DATA START
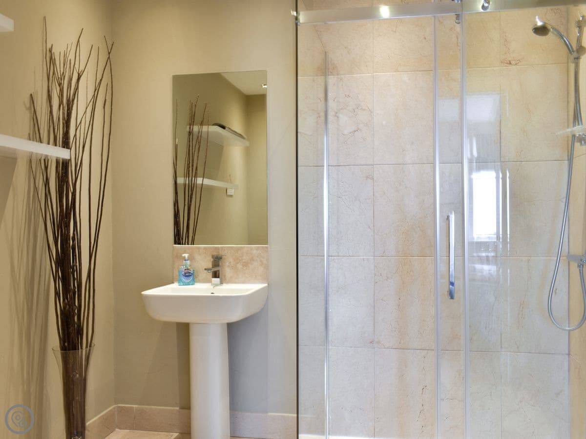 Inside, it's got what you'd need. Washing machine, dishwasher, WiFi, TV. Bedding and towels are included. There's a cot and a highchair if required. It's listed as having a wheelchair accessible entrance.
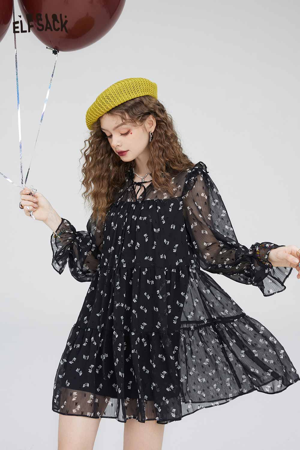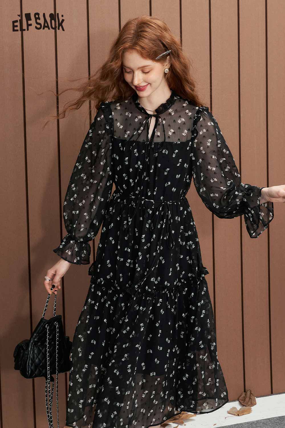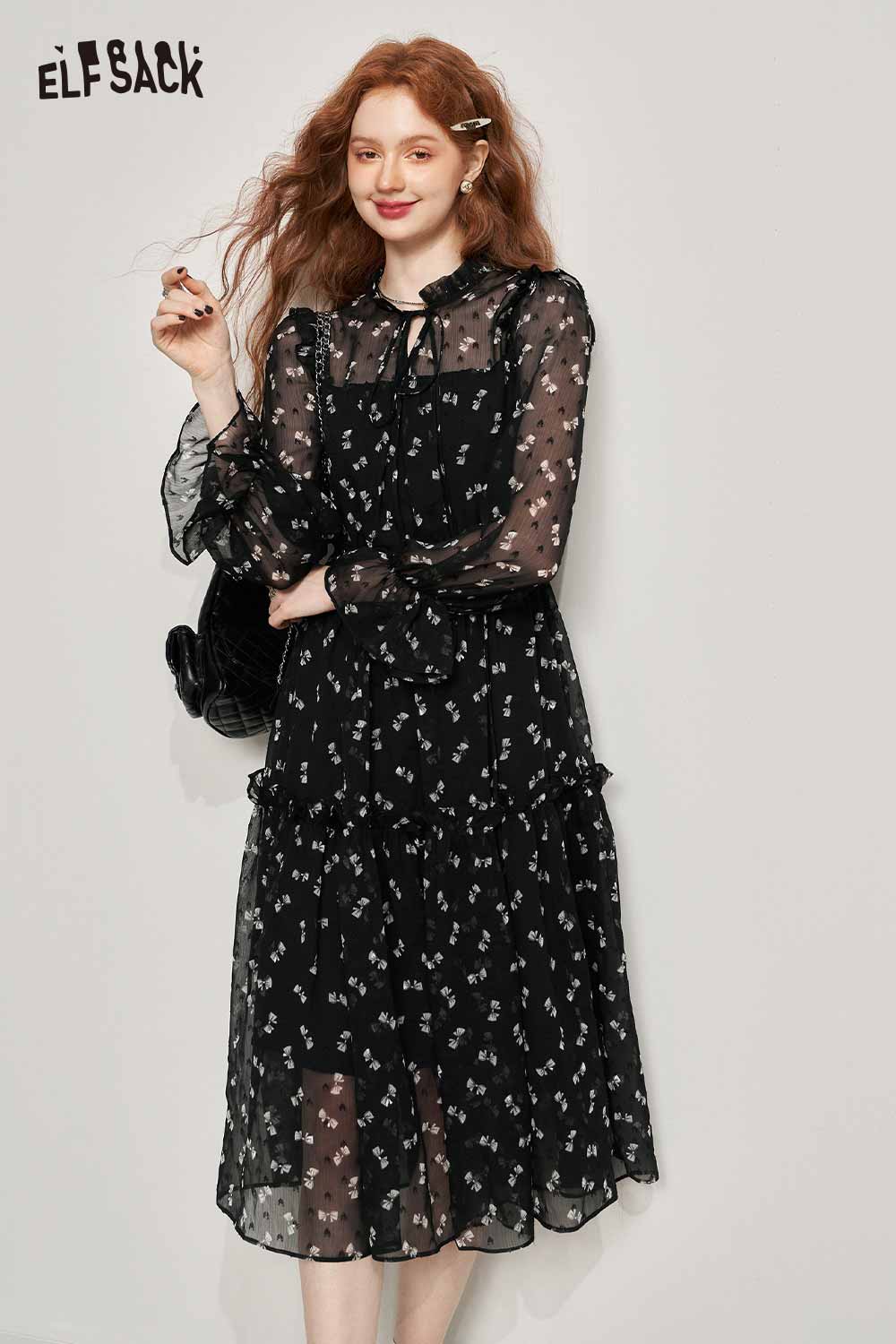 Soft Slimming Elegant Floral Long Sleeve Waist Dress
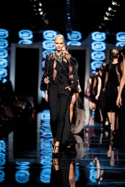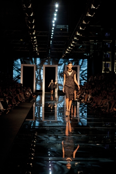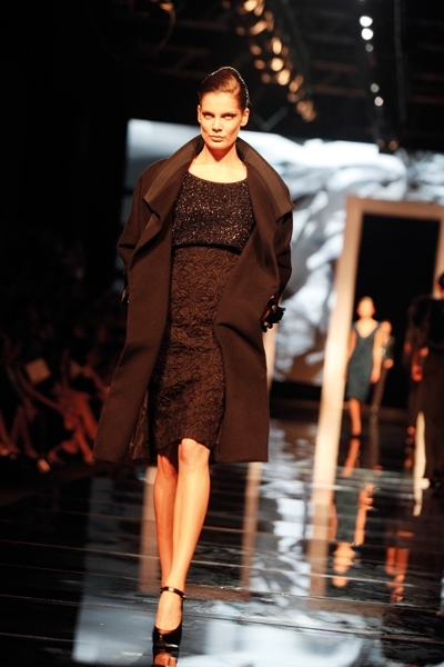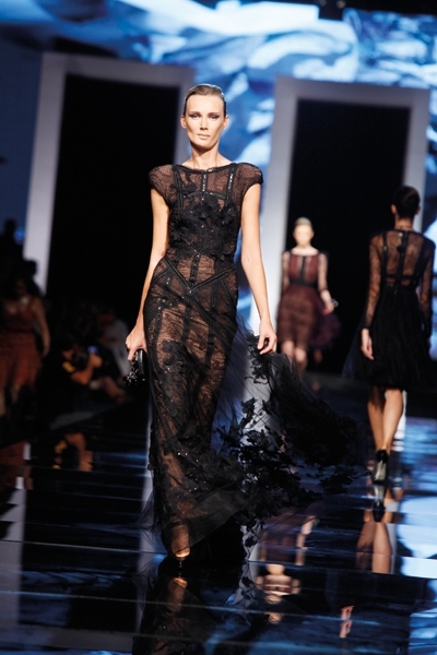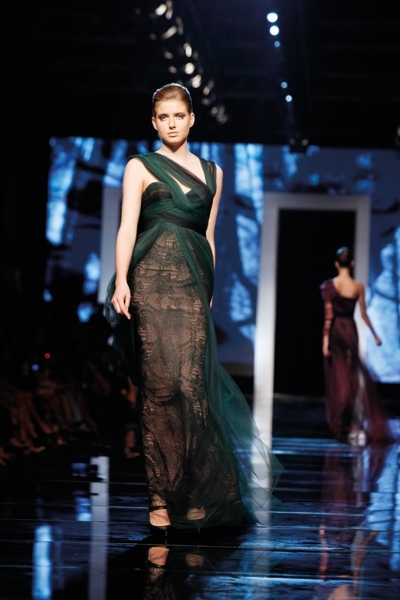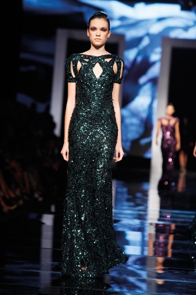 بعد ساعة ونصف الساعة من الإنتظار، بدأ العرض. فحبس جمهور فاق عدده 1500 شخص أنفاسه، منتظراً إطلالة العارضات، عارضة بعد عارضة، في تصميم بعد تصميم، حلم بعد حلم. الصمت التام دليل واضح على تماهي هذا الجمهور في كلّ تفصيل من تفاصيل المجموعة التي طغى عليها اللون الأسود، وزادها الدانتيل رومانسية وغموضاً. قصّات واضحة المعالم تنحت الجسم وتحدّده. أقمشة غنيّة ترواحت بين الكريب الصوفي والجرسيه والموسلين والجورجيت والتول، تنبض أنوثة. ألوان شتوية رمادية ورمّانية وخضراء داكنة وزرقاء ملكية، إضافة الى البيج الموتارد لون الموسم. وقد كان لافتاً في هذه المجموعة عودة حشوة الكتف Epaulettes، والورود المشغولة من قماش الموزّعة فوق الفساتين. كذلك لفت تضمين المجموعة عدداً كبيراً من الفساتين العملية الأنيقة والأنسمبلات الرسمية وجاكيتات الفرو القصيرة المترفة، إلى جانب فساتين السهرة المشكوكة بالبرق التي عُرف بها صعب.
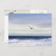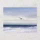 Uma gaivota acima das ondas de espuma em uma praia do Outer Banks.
DATA END
• PROBLEM TO SOLVE:
Please output the listing above exactly from its first line through the line with "Soft Slimming Elegant", both included, and nothing beyond that line. Omit pictures.

• OUTPUT FOR THIS TASK:
 Inside, it's got what you'd need. Washing machine, dishwasher, WiFi, TV. Bedding and towels are included. There's a cot and a highchair if required. It's listed as having a wheelchair accessible entrance.
 Soft Slimming Elegant Floral Long Sleeve Waist Dress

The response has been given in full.